AWS will charge EC2 customers by the second

Amazon AWS

Amazon Web Services (AWS) will soon be raising its prices to better compete against its rivals Microsoft and Google in the public cloud market.

The company announced on Monday that as of October 2, it will begin charging customers by the second to use its EC2 virtual slices in its data centers. This is a big change in AWS' pricing model, as it has charged by the hour since its release in 2006.

A year after Alphabet's Google entered the public cloud market, it announced that it would begin to charge customers by the minute with a 10-minute minimum. Microsoft's Azure also adopted a similar pricing model shortly after.

By charging customers that use its Linux virtual machines by the second, AWS will give them the ability to only pay for the computing resources they use and this move may help the company regain some lost market share. There will be a one-minute minimum and certain types of workloads could see companies paying a lot less for cloud services.
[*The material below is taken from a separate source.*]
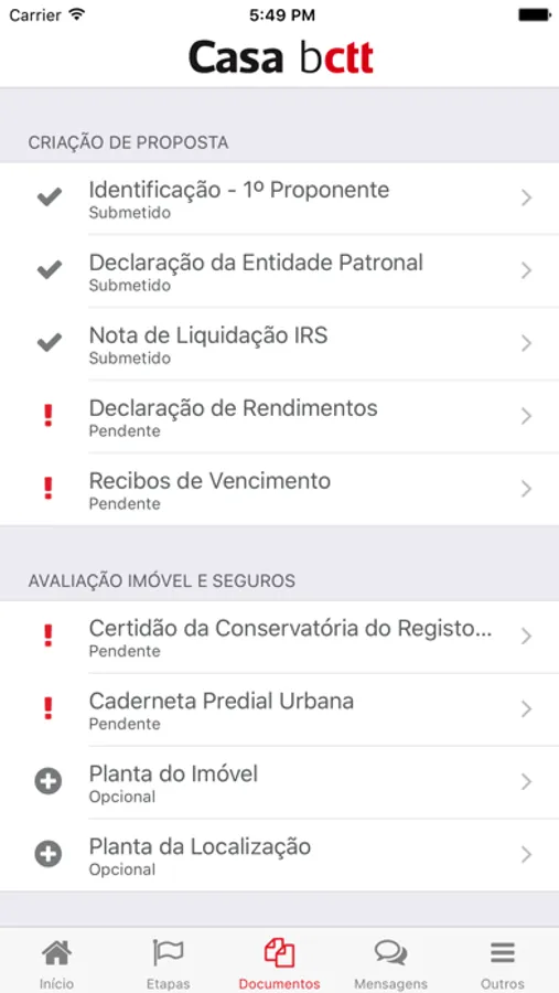 Mobile app for clients with mortgage proposal submitted to Banco CTT. The app is simple, functional and allows to accelerate the buying process due to its functionalities: tracks and organizes the several phases of the process, sends alters of missing documentation, gives notifications and checks the status of the requests.
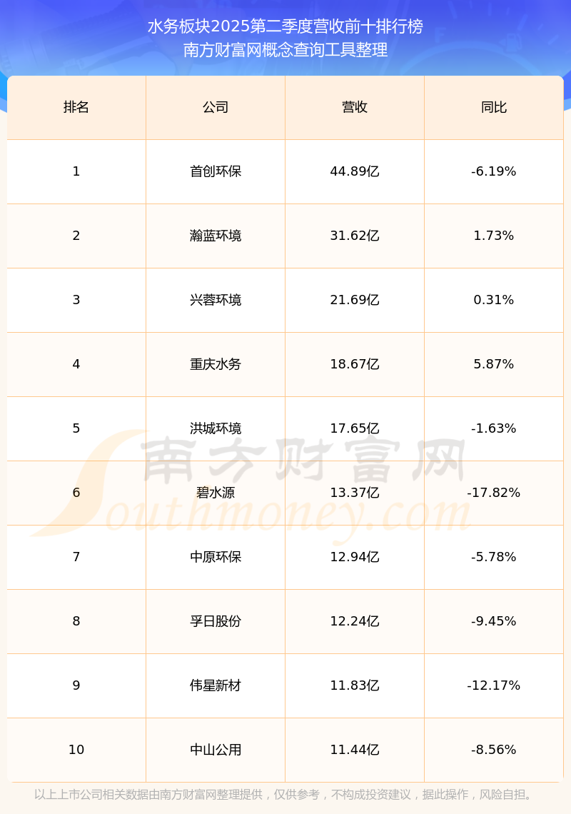 按照南方財(cái)富網(wǎng)概念查詢工具統(tǒng)計(jì),該股所屬板塊為水務(wù)板塊,該板塊共有49只股票,三達(dá)膜2025第二季度營(yíng)收在該板塊中排名為第49名,該板塊2025第二季度營(yíng)收排名前十的股票如下表:

AWS' chief evangelist, Jeff Barr provided more details on the per second pricing model in a blog post, saying:

"Effective October 2, usage of Linux instances that are launched in On-Demand, Reserved, and Spot form will be billed in one-second increments. Similarly, provisioned storage for EBS volumes will be billed in one-second increments. Per-second billing also applies to Amazon EMR and AWS Batch."

As demand for public cloud services has increased, AWS is taking the necessary steps to stay one step ahead of its competitors in the space.